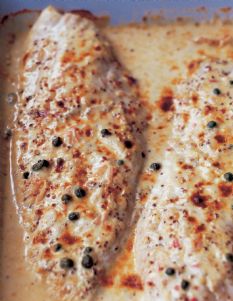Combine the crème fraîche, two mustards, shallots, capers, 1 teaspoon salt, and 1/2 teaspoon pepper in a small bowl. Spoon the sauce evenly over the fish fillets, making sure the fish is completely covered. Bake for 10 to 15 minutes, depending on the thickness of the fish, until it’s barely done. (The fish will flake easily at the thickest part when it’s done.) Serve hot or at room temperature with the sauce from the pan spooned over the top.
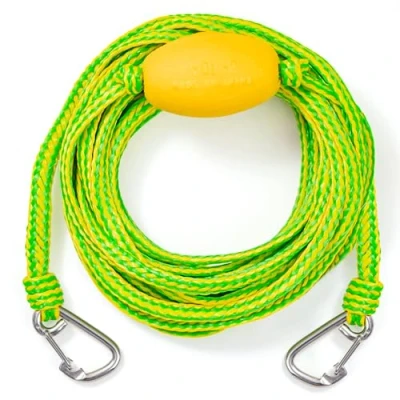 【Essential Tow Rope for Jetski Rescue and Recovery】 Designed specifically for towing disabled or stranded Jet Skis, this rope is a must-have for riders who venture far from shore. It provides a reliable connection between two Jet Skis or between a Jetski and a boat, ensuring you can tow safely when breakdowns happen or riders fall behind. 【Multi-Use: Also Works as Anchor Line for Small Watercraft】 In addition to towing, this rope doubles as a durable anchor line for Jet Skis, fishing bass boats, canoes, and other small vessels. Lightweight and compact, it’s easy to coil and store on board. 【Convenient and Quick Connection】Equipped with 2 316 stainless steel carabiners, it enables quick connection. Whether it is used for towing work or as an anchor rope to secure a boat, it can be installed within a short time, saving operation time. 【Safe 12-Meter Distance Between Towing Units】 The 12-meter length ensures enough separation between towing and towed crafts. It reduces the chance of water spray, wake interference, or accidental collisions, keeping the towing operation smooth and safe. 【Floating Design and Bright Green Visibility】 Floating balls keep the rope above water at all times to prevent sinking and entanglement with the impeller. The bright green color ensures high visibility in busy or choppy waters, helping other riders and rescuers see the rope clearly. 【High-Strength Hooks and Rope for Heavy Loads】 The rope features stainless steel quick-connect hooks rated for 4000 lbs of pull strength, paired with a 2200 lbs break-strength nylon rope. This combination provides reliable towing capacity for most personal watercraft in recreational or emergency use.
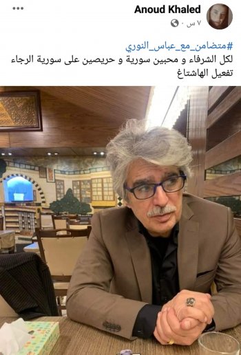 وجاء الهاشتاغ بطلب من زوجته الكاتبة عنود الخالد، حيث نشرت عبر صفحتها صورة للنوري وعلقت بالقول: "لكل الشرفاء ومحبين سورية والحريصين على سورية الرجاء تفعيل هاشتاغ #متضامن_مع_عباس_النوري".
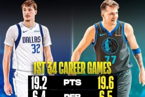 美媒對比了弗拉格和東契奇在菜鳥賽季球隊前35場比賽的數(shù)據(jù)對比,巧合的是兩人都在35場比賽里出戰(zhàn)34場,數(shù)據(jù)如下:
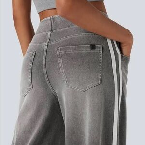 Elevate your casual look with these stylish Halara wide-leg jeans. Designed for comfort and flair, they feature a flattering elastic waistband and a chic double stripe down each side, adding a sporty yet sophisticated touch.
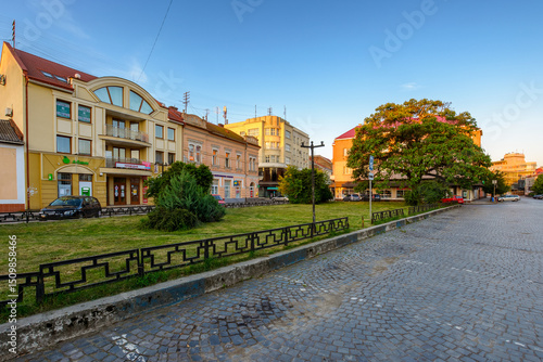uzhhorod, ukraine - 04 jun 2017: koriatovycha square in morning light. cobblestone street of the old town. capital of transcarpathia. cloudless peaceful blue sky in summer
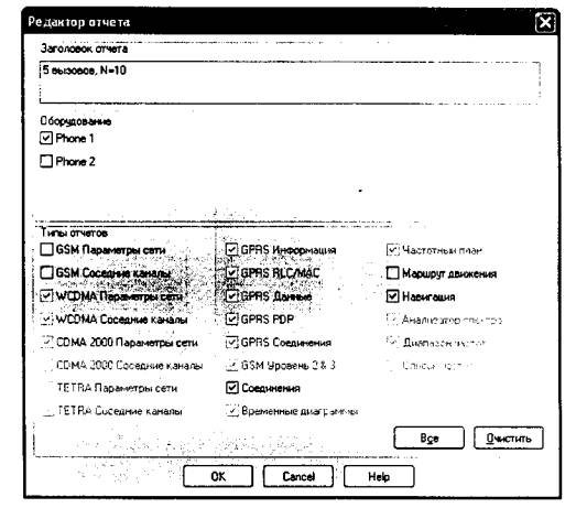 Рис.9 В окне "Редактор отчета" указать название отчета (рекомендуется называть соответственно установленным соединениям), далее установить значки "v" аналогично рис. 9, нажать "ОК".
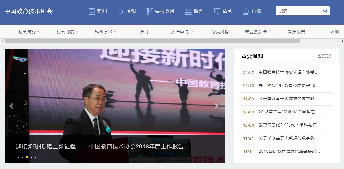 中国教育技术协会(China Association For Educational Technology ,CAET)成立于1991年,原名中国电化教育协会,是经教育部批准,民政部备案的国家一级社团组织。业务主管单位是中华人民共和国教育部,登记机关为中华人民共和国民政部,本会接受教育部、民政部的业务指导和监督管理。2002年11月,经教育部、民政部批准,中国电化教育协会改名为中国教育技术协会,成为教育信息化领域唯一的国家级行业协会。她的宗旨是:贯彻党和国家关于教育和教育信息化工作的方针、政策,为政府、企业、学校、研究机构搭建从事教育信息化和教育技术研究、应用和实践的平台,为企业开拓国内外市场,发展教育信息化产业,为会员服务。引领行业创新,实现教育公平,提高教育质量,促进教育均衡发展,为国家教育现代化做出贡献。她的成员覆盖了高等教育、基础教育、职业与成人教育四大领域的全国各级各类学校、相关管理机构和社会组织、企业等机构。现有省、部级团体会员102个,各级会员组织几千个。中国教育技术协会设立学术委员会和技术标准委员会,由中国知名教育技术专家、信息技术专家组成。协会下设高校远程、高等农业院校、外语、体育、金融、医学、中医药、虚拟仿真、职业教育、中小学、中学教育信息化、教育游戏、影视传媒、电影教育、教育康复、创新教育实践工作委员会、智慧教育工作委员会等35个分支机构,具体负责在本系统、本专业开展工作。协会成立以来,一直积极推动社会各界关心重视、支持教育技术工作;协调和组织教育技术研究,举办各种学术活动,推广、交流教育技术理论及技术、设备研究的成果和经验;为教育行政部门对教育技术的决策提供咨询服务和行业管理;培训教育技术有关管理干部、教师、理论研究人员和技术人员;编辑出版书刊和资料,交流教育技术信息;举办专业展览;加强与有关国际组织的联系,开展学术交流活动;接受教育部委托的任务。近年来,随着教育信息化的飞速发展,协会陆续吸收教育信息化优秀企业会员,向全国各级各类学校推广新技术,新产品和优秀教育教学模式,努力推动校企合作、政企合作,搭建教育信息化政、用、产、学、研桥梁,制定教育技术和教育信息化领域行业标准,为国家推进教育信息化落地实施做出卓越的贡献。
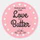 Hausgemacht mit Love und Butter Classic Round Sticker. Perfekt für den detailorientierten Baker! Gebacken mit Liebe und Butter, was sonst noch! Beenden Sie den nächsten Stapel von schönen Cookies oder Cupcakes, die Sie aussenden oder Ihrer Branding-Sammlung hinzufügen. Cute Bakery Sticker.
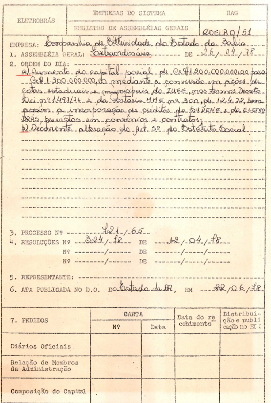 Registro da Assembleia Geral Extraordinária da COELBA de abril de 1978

Activity: Keep out the pictures, and copy exactly the lines from the one that contains "Hausgemacht mit Love" through the final line of the records above, both ends included.

Task answer:
 Hausgemacht mit Love und Butter Classic Round Sticker. Perfekt für den detailorientierten Baker! Gebacken mit Liebe und Butter, was sonst noch! Beenden Sie den nächsten Stapel von schönen Cookies oder Cupcakes, die Sie aussenden oder Ihrer Branding-Sammlung hinzufügen. Cute Bakery Sticker.
 Registro da Assembleia Geral Extraordinária da COELBA de abril de 1978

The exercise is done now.